Method (What does it entail?/ What will it take for me to learn?): With little knowledge of applications of evolutionary algorithms to robotics rather than procedural content generation in games, I must start from square one of “what is an evolutionary algorithm?” to “how can Evolution Gym be used to simulate the algorithms?”. The project is multi-fold with aspects in understanding and writing academically as well as coding in general. It is a “sneak peak” into academic research projects.
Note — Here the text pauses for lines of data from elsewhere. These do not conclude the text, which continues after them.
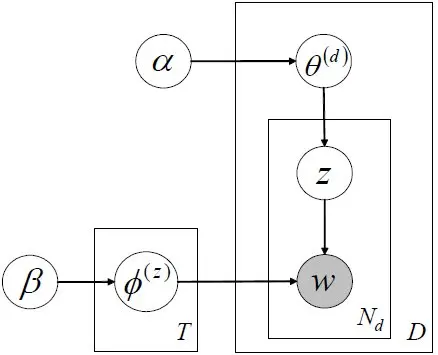 和pLSA不同的是LDA中假设了很多先验分布,且一般参数的先验分布都假设为Dirichlet分布,其原因是共轭分布时先验概率和后验概率的形式相同。
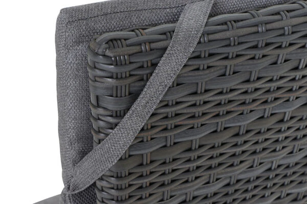 Bei Wind und Wetter sorgt die Witterungsbeständigkeit und Pflegeleichtigkeit der verwendeten Materialien für den nötigen Schutz. Das Untergestell des Sessels besteht aus pulverbeschichtetem Aluminium, und ist stabil sowie widerstandsfähig. Aufgrund des geringen Gewichts (ca. 11,5 kg) lässt sich das Möbelstück auch schnell an Ihren Lieblingsplätzen im Garten, auf der Terrasse oder auf dem Balkon platzieren. Das Aluminiumgestell wird mit halbrundem GARDINO®-Geflecht aus Polyethylen bespannt. Diese Faser trocknet besonders schnell, ist schmutzunempfindlich und erzeugt mit ihrer natürlichen Optik einen edlen und modernen Look, der jeder Gartengestaltung ein besonderes Flair verleiht. Die gemütlichen und pflegeleichten Sitzpolster sind farblich passend auf das Geflecht abgestimmt. Bei Verschmutzung sind die Bezüge des Sessels leicht zu reinigen – bitte beachten Sie, dass das Kopfteil des Sessels nicht abnehmbar ist. Wir empfehlen dieses vorsichtig per Hand zu waschen.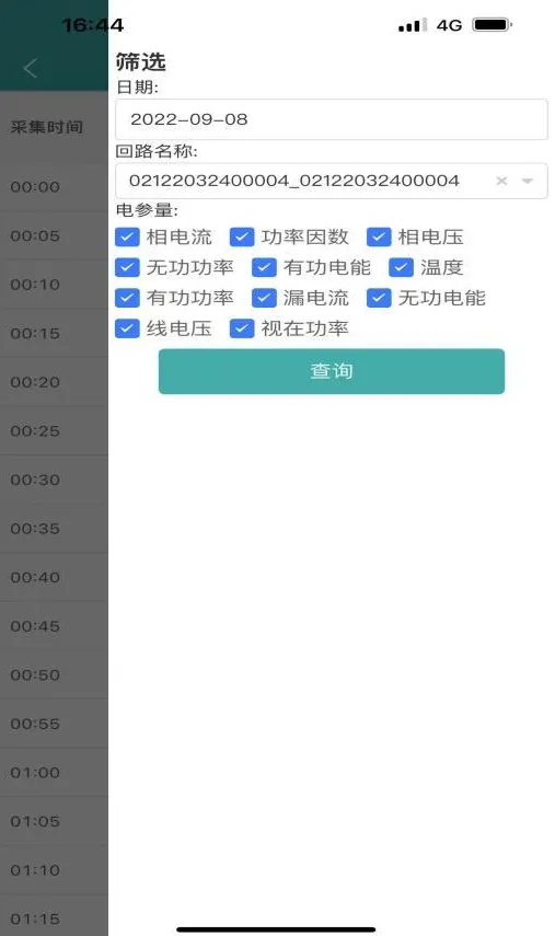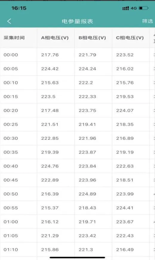 电参量报表页面展示了项目设备的电参量报表,用户可以查看各个区域设备的电参量报表,可以通过日期、能源节点、电参量种类筛选查看对应实时数据,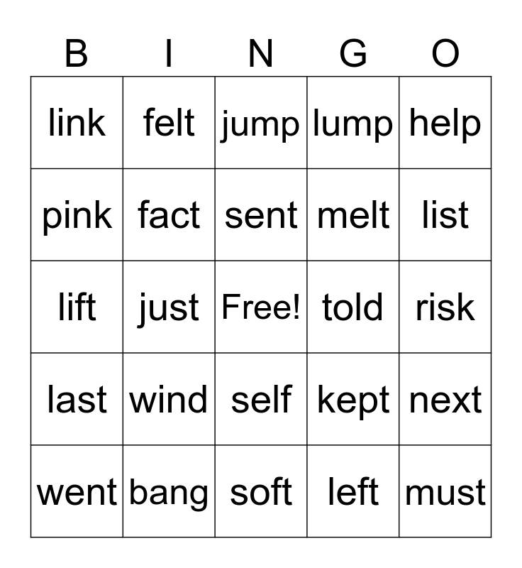This bingo card has a free space and 24 words: wind, bang, sent, went, help, link, pink, felt, told, self, melt, lift, kept, next, fact, left, risk, jump, list, just, must, last, lump and soft.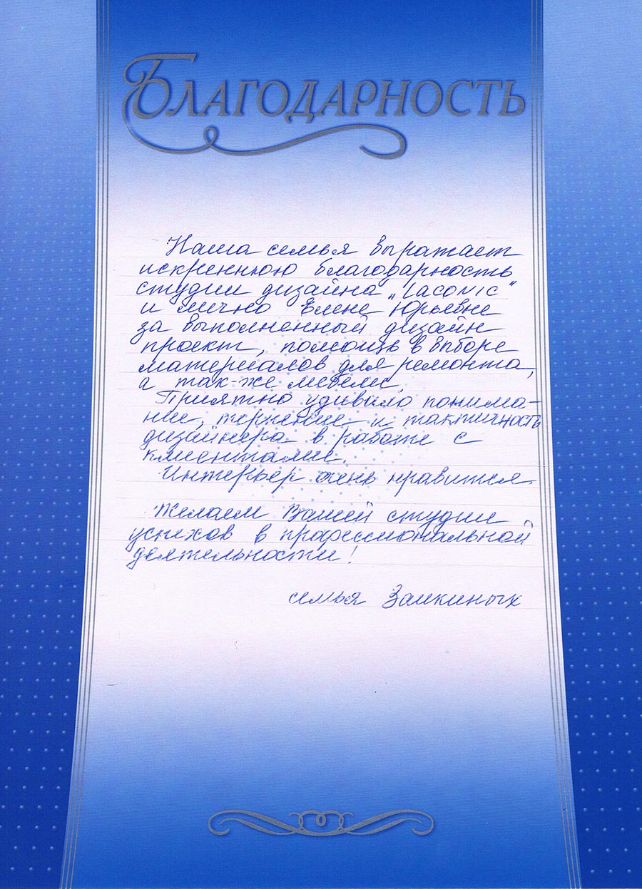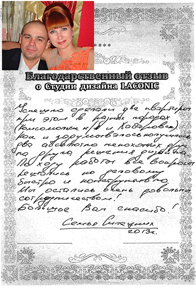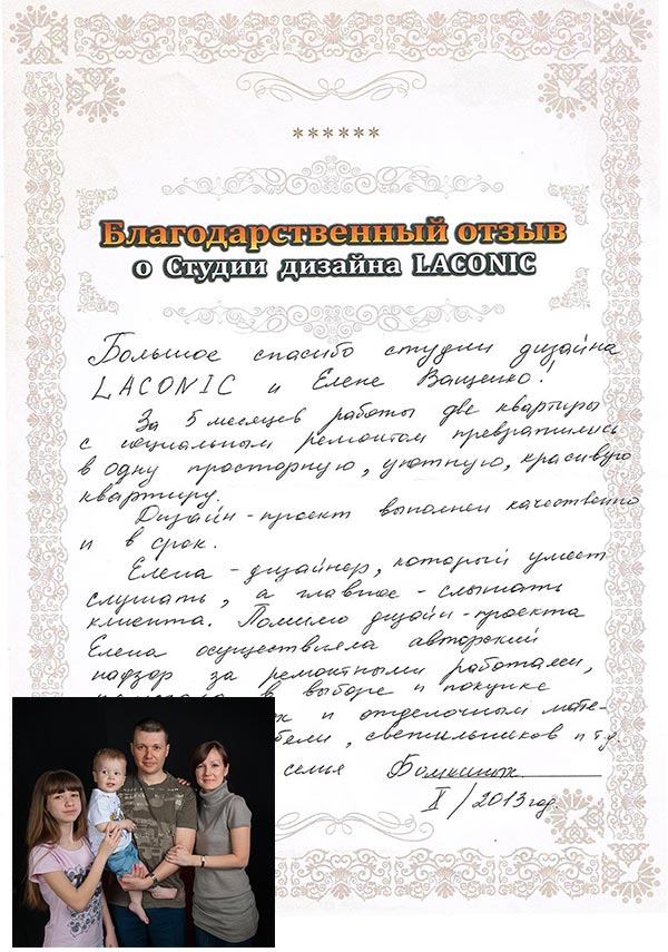 Нашей семье очень повезло! Мы достаточно долго выбирали дизайнера. Просмотрев огромное количество портфолио нас приятно поразили проекты студии дизайна LACONIC...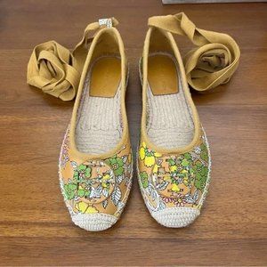 Tory Burch Minnie Rust Wallpaper Floral Leather Ballet Ankle Tie Espadrille Flat

That being said, I have split the project into exploration, process, and analysis:
Exploration:
- Learn python, basics of evolutionary algorithms
- Learn Git and collaboration in Git
- Do readings: Create a annotated bibliography of all the research topics
- Preliminary literature review (analyze specific algorithms that already exist)
Process:
- Write own FI2Pop algorithm
- Run algorithm with many iterations in Evolution Gym
- Run other algorithm for documentation
Analysis:
- Compare algorithms in Evolution Gym
- Analyze performance of own algorithm
- Learn ins and outs of academic writing
- Read papers of feasibility of robot generation in simulated environments
- Learn how to read papers effectively
Conclusion (all in all, why is it important?): Robot design and generation traverse a space that is confined to what the researchers think. The scope of design rarely ever diverges from pre-existing entities. Evolutionary algorithms allow computers and robots to do their own job of generation and manufacturing. They help taxing problems, which have applications in robotics, gaming, biology, and even sociology. The development of these algorithms allows for researchers to streamline their production process to optimize for a certain quantity such as materials, speed, a certain motion, etc. Given that the FI2Pop algorithm, in particular, has not been developed yet, we are able to compare it with other algorithms in a pre-existing space, Evolution Gym.